MO: Test points for Digestion Functional Evaluation - LARGE INTESTINE.
1. Ileocecal Valve: Palpate 1/2 the distance between the right ASIS and the umbilicus. Palpate A>P feeling for tenderness. Use a slight circular motion (clockwise) to help move the tissue as you probe deeper. DOES LNT.
2. Large Intestine/Colon Palpation: With the edge of your fingers palpate deeply feeling for resistance/congestion or until the client feels tenderness in the surrounding lymphatic tissues. Start just inside the ASIS, right side, palpate side to side and concurrently A>P across the colon, upward to the rib cage (ascending colon), then across the abdomen, palpating in an upward and downward motion (transverse colon), and then down the left side, side to side motion (descending colon). On the exam form the points are indicated A-B and B-C (A being the ASIS on the right, B the midpoint of the abdomen and C the ASIS on the left) Record any tenderness in corresponding areas. DOES LNT.

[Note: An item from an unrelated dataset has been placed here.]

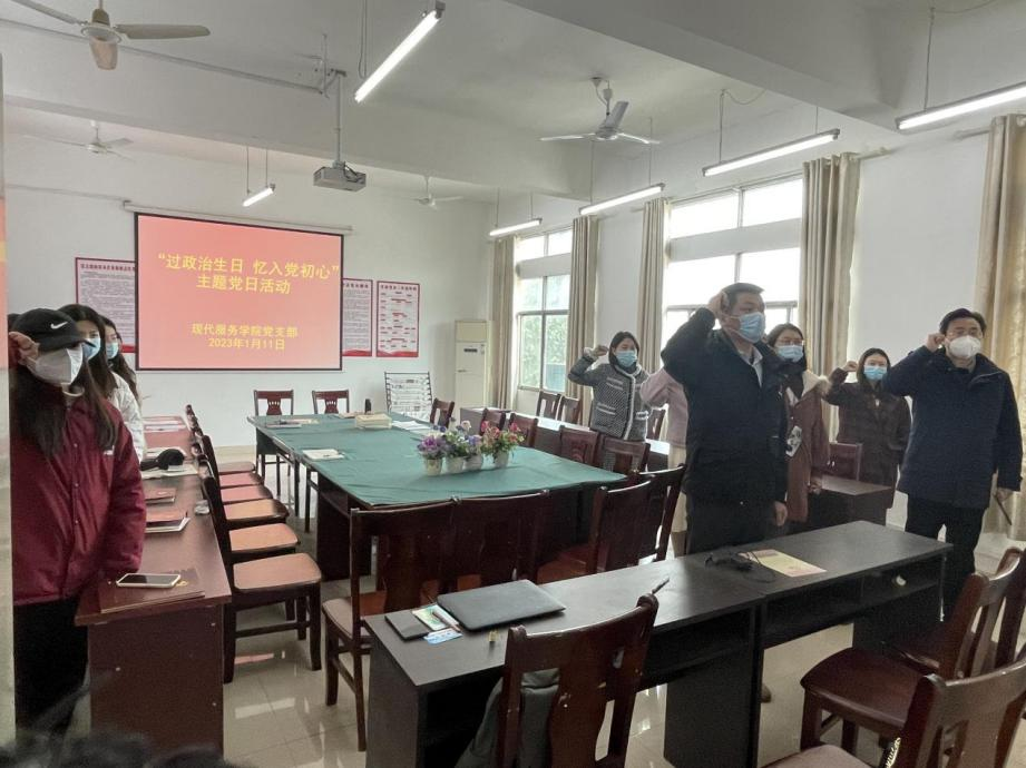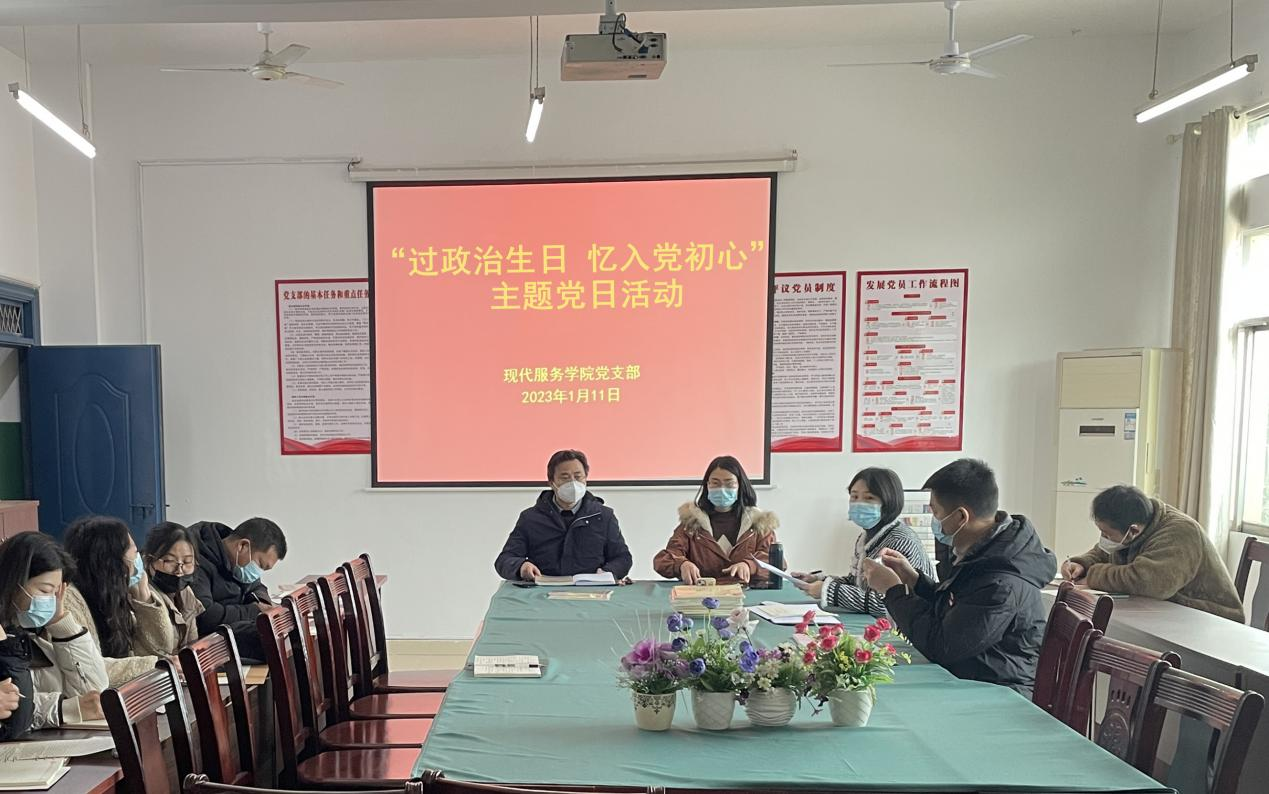 【现代服务学院廖斐报道】1月11日上午,现代服务学院党支部开展“过政治生日 忆入党初心”主题党日活动,进一步强化党员们的身份意识、责任意识和宗旨意识,提高党性修养,永葆初心使命。

3. Chapman Colon/Iliotibial Bands: The iliotibial band runs down the exterior of the leg from the hip (greater trocanter) to the knee in the same place as the stripe on a band uniform. This mirrors the Large Intestine palpation. If you dissected the colon in the middle of the abdomen and drew the ends down the iliotibial band, the palpations for tenderness on the iliotibial band would likely mirror the tender points on the colon and should validate your findings for the Colon. If only the iliotibial band is tender at the mid-point, this is likely an indicator of prostate/uterus weakness, not a colon indicator. DOES LNT.